- Directed by: Lukyamuzi Bashir
- Screenplay by: Usama Mukwaya
- Produced by: Usama Mukwaya Lukyamuzi Bashir
- Starring: Michael Kasaija; Natasha Sinayobye; Raymond Rushabiro; Ashraf Ssemwogerere; Ismael Ssesanga; Jabal Ddungu; Allen Musumba; Fiona Birungi;
- Cinematography: Alex Ireeta
- Music by: Nessim Mukuza
- Production company: Badi World
- Distributed by: Côte Ouest Audiovisuel JAMO Film Distributions
- Release date: 3 July 2015 (Theatre Labonita);
- Running time: 102 minutes
- Country: Uganda
- Language: Luganda

= Bala Bala Sese =

Bala Bala Sese is a Ugandan film directed by Lukyamuzi Bashir based upon a screenplay by Usama Mukwaya, starring Michael Kasaija, Natasha Sinayobye, Raymond Rushabiro, Ismael Ssesanga, Fiona Birungi, Ashraf Ssemwogerere and Ddungu Jabal. It is the director's, writer's and producers' debut feature film.

== Plot ==
The film tells of a boyfriend's battle for love through perseverance. In the outskirts of Sese Island, John (Michael Kasaija) is madly in love with Maggie (Natasha Sinayobye), and both are willing to take their love forward. Facing abuse and harassment by malicious Maggie’s father Kasirivu (Raymond Rushabiro), John, helped by his young brother Alex (Ssesanga Ismael), is determined to retain the love of his life, especially when he finds out that he has a contender village tycoon (Jabal Dungu) who is also lining up for Maggie.

== Cast ==

- Michael Kasaija as John
- Natasha Sinayobye as Maggie
- Raymond Rushabiro as Kasiriivu
- Ashraf Ssemwogerere as Ireene
- Fiona Birungi as Elena
- Ismael Ssesanga as Alex
- Ddungu Jabal as Zeus
- Allen Musumba as Nanziri
- Andrew Kizito as Siim

==Production==

===Filming===
Principal photography on Bala Bala Sese began in late 2012 and wrapped in 2014. The movie was filmed on the Ssese Islands in Uganda, from which it takes its name.

==Release==
The film was released on 3 July 2015 at theatre Labonita.
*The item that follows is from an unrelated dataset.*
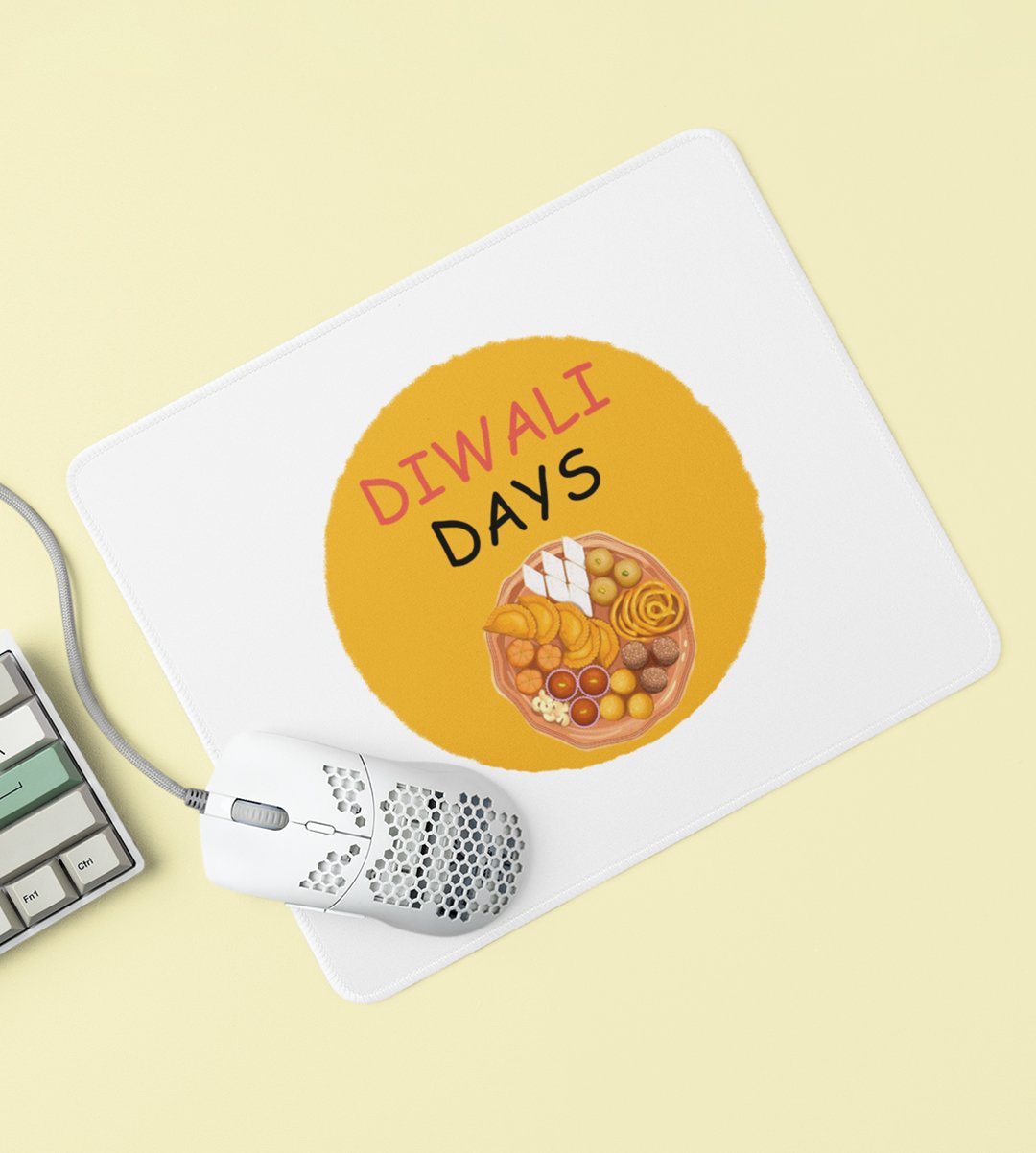 Relish the essence of Diwali and its sweets in your workspace with our Diwali Days and Sweets Mouse Pad. It's a delightful reminder of the festival's joys.

Bala Bala Sese is rather the first Ugandan project to receive a professional marketing approach. It was one of the top local productions of that year and the following year.

It was nominated at the 12th Africa Movie Academy Awards for Best Film in an African Language. It held its African premiere at the Luxor African Film Festival in Egypt and competed in the long Narrative category among 13 other African films. It was the opening film at the 10 Amakula International Film Festival and automatically qualified for the Golden Impala Award for best African film, which was won by De Noir.

===Music and soundtrack===
The soundtrack album was composed by Nessim (music producer), with the official theme song "Wuuyo" recorded by A Pass and Nessim again of Badi Musik. This became the singer's most successful single to date. The official video of the song premiered on 20 March 2015 at Club Guvnor and features clips from the movie.

==Awards==

===Nominated===
- 2016: Long Narrative, Luxor African Film Festival
- 2016: Golden Impala Award, Amakula International Film Festival
- 2016: Best Film in an African Language, 12th Africa Movie Academy Awards
- 2016: Helsinki African Film Festival Jury Award for Human Rights and Social Commentary
- 2016: Best Feature Film, Africa International Film Festival

The film was also named as one of the best films of 2015 and 2016 by various critics.